What you are asked to do — Type out the lines below exactly, from the first through the line holding "is no doubt", and include no pictures.

----- Data segment -----

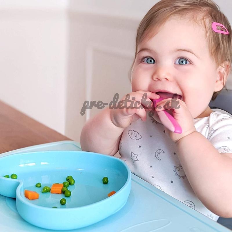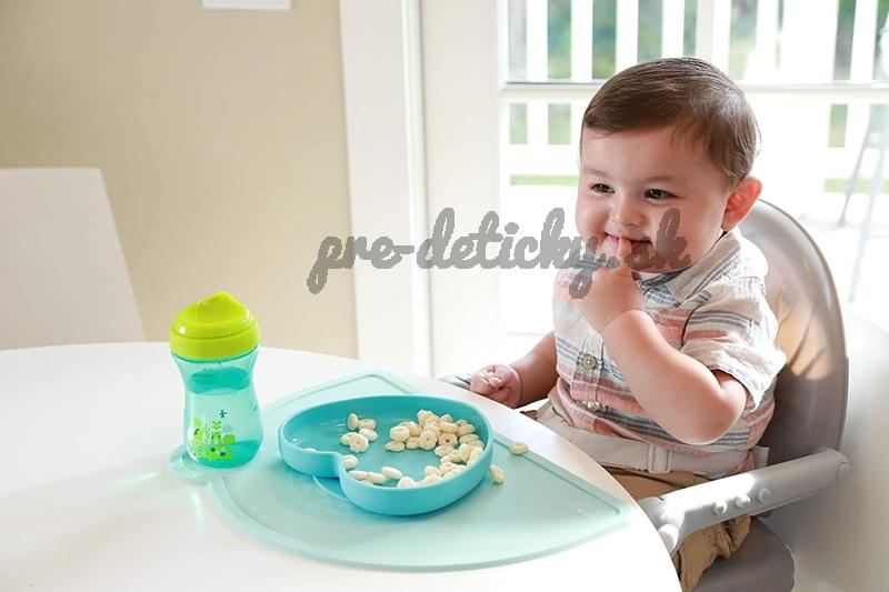 - Podstavec s prísavkou na spodnej strane taniera ho udrží na mieste aj pri prvých pokusoch o samostatné jedenie. To je veľmi dôležité pri rozvoji detskej motoriky. Napriek tomu je tanierik ľahký, flexibilný a prenosný aj na jedlo mimo domova.
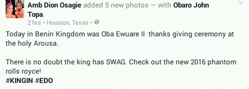 "There is no doubt the king has SWAG. Check out the new 2016 phantom rolls royce! #KINGIN #EDO," Osagie wrote.
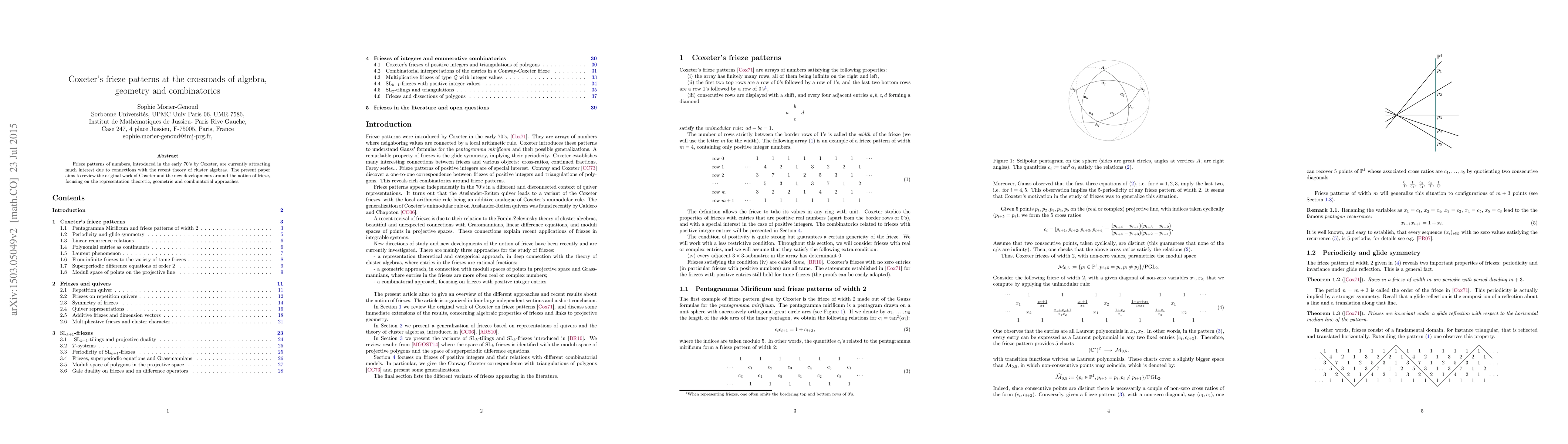 This paper reviews Coxeter's frieze patterns and their connections to algebra, geometry, and combinatorics, highlighting recent developments in cluster algebras. It explores representation theory, geometric, and combinatorial approaches to understanding the significance of these patterns.

-----

Output of the exercise —
 - Podstavec s prísavkou na spodnej strane taniera ho udrží na mieste aj pri prvých pokusoch o samostatné jedenie. To je veľmi dôležité pri rozvoji detskej motoriky. Napriek tomu je tanierik ľahký, flexibilný a prenosný aj na jedlo mimo domova.
 "There is no doubt the king has SWAG. Check out the new 2016 phantom rolls royce! #KINGIN #EDO," Osagie wrote.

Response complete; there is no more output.